When you close on a USDA loan, you won’t make a payment for at least one month. It sounds too good to be true, right? It’s really not the ‘free ride’ it seems like. Keep reading to find out how it works.
Closing Your USDA Loan
You and your lender will choose a closing day for your USDA loan. You obviously can’t close on it until the underwriter clears it for closing. At this point, your lender will draw up the closing documents and you’ll meet your loan officer at the chosen title company. At the title company, an escrow agent will close your loan for you.
As you review your documents, you’ll see a Closing Disclosure. This document shows you all of the charges the lender and other third parties are charging for their role in your loan. Among those costs, you’ll see ‘prepaid costs,’ especially prepaid interest. This is the interest charged on your loan from the date of closing to the end of the month.
The closer you close to the end of the month, the less prepaid interest you pay. You can call the interest per diem interest, as it’s a per day charge. So if you close 10 days before the end of the month, you’ll pay 10 days of interest. If you close 2 days before the end of the month, you’ll pay 2 days of interest. As you can see, it works in your benefit to close as close to the end of the month as possible.
Why You Don’t Owe a Payment Right Away
You might still be thinking ‘what about the interest for the next month?’ If you don’t make a mortgage payment until the following month, when do you pay the interest for the entire month that you have the loan?
It’s simple – all of the interest that you pay, you pay in arrears. In other words, the interest you pay in October covers the interest from September. The interest you pay in November covers the interest for October.
This is why you ‘skip’ a payment. In reality, you are still paying interest from the day you take out the loan.

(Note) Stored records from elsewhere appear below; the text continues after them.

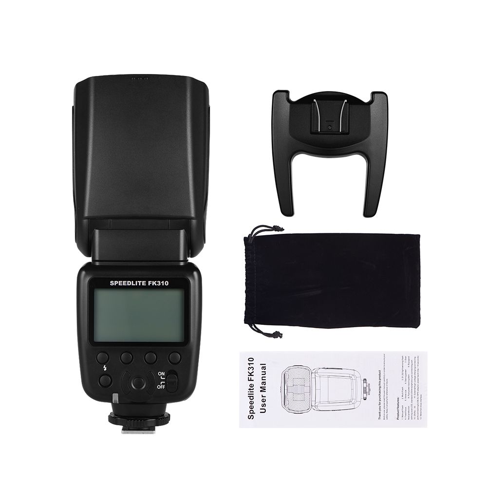 This speedlite equipped with universal hot shoe contact, is compatible with /Nikon/Sony/Olympus/Pentax and other brands DSLR cameras.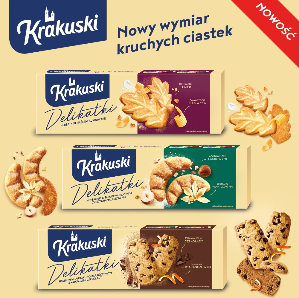 Marka Krakuski, znana z doskonałej jakości wypieków i będąca wiceliderem kategorii ciastek, wprowadza na rynek nową linię produktów – Krakuski Delikatki. To wyjątkowe połączenie tradycji, jakości i nowoczesnego podejścia do słodkich przekąsek, które idealnie wpisują się w codzienne chwile relaksu – przy kawie, herbacie czy jako mały deser w ciągu dnia.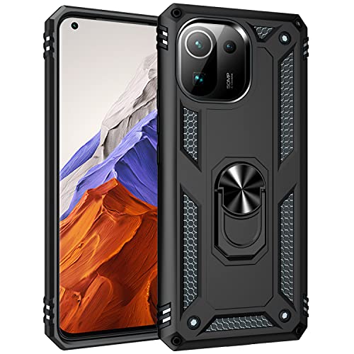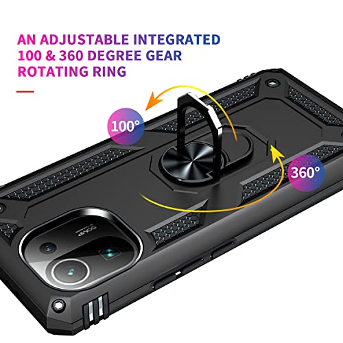 Fetrim Custodia per Xiaomi MI 11 PRO, Cover PC TPU Cassa Shell Supporto di Anello Rotante Case per Xiaomi MI 11 PRO Nero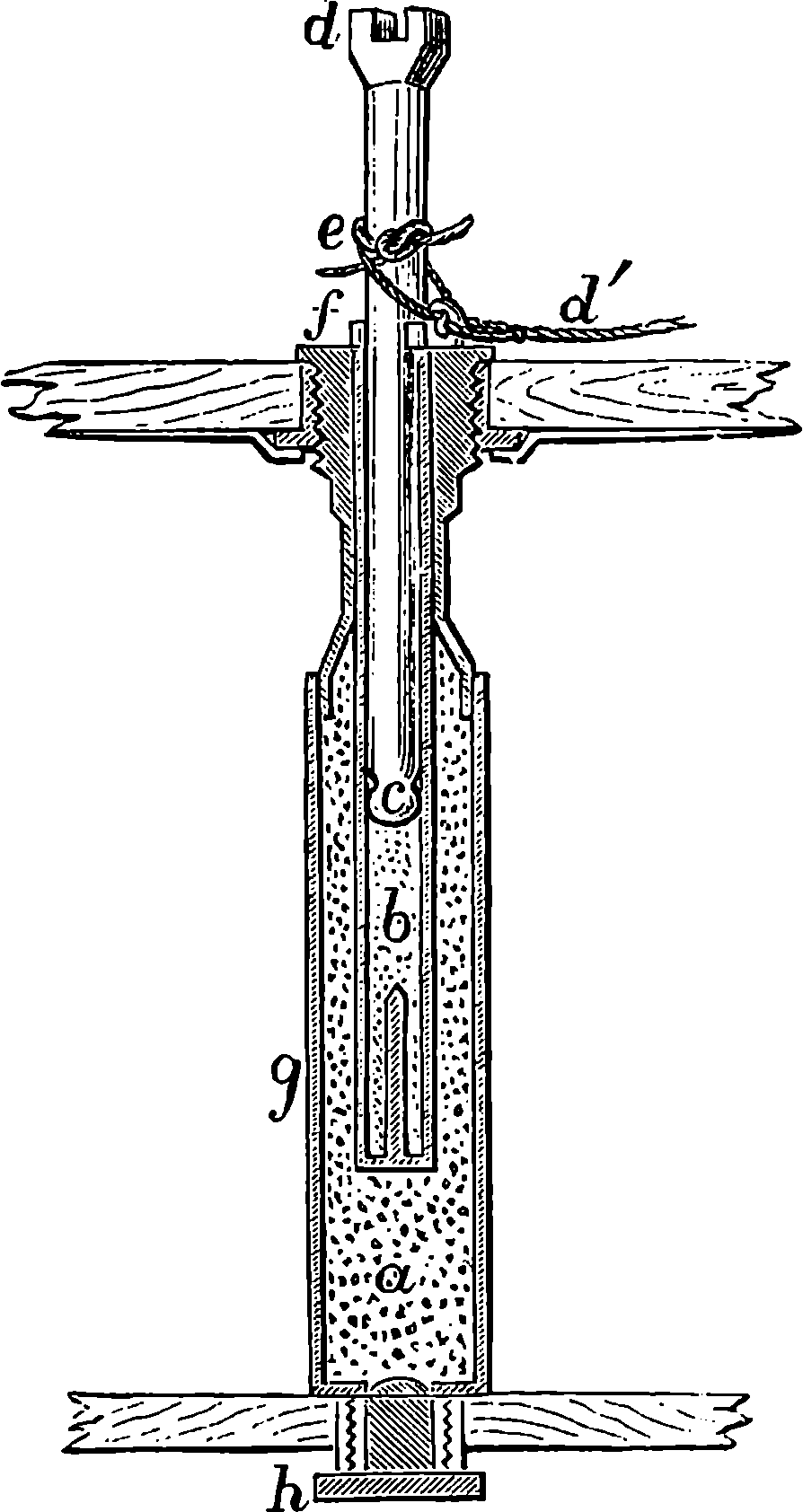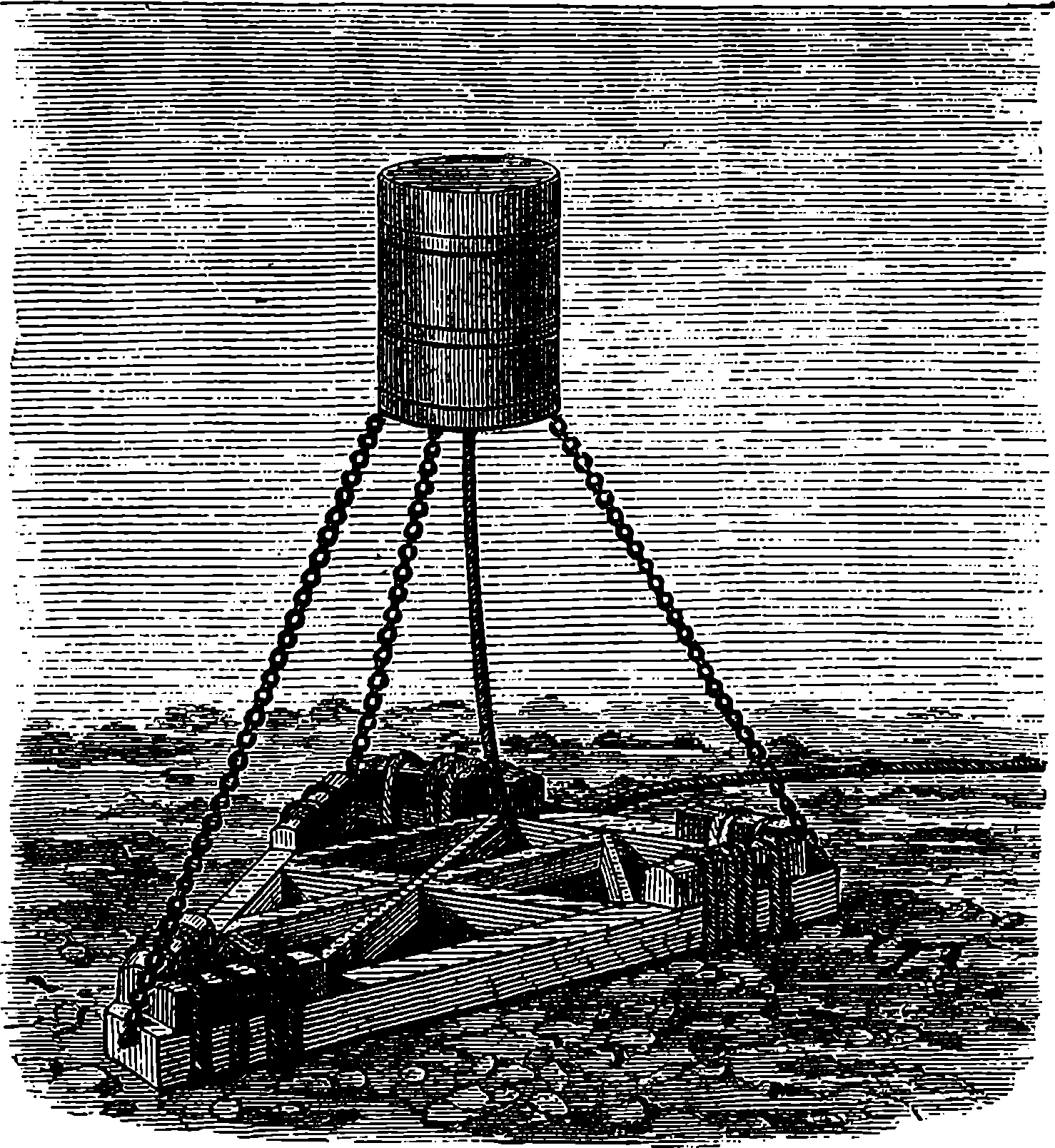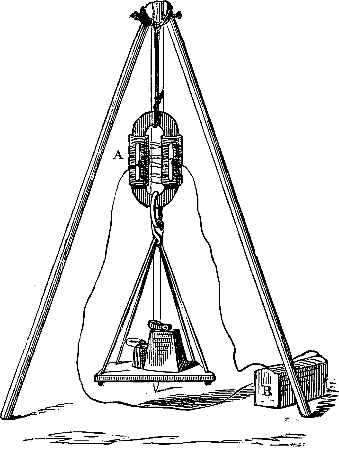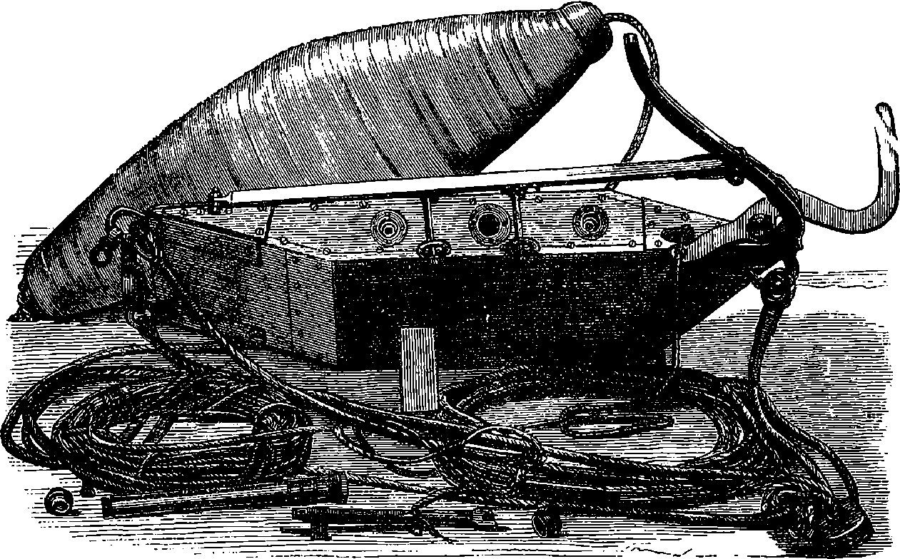 Before we proceed to give an indication of one of Dr. Joule’s methods of making this determination, we may point out that if a weight be raised a certain height, the work which is done in raising it will be given out by the weight in its descent. If you carry a 1 lb. weight to the top of the London Monument, which is 200 ft. high, you perform 200 units of work. When the weight is at the top, the work is not lost; for let the weight be attached to a cord passing over a pulley, and it will, as it descends, draw up to the top another 1 lb. weight.[21] If you drop the weight so that it falls freely, it descends with a continually increasing velocity, strikes the pavement, and comes to rest. Still your work is not lost. The collision of the weight and the pavement develops heat, just as in the case of the experiment depicted on page 168, but to a less degree—the increase of temperature might not be sensible to the touch, but could be recognized by delicate instruments. Your work, then, has now changed into the form of heat—the weight and the pavement are hotter than before. This heat is carried off by contiguous substances. But still your work is not lost, for it has made the earth warmer. The heat, however, soon flows away by radiation from the earth, and is diffused into space. The final result of your work is, then, that a certain measurable quantity of heat has been sent off into space. Is your work now finally lost? Not so: in reality, it is only diffused throughout the universe in the form of radiant heat of low intensity. Yet it is lost for ever for useful purposes; for from this final form of diffused heat there is no known or conceivable process by which heat can be gathered up again.

You just don’t have to make a formal payment until the first of the month after the month of your closing.
For example, if you close on your loan on October 15th, your first USDA mortgage payment is due on December 1st. You would pay per diem interest to cover the rest of October. The mortgage payment you make then covers the interest from November.
The Exception to the Rule
In some cases (rare), you may be able to request that your mortgage payment start the very next month. This is the case when you close on your loan on the 1st, 2nd, or 3rd of the month. Lenders don’t usually allow this practice much after the 3rd day of the month.
If you do close on one of the above dates, you can ask the lender to credit you the few days of interest and have your first mortgage payment due in the very next month. Only lenders that can process the loan and get your account set up quickly can offer this option, though. It’s usually best if you stick to the late in the month closing in order to make things the easiest. This also gives you more time to prepare yourself for your new mortgage payment.
Either way, you are going to pay the same amount of interest on your USDA loan regardless of the closing date. It all comes down to how much money you have to come up with at the closing as well as how soon your first payment is due. Make sure you cover all of your options with your lender so that you make the choice that works the best for you.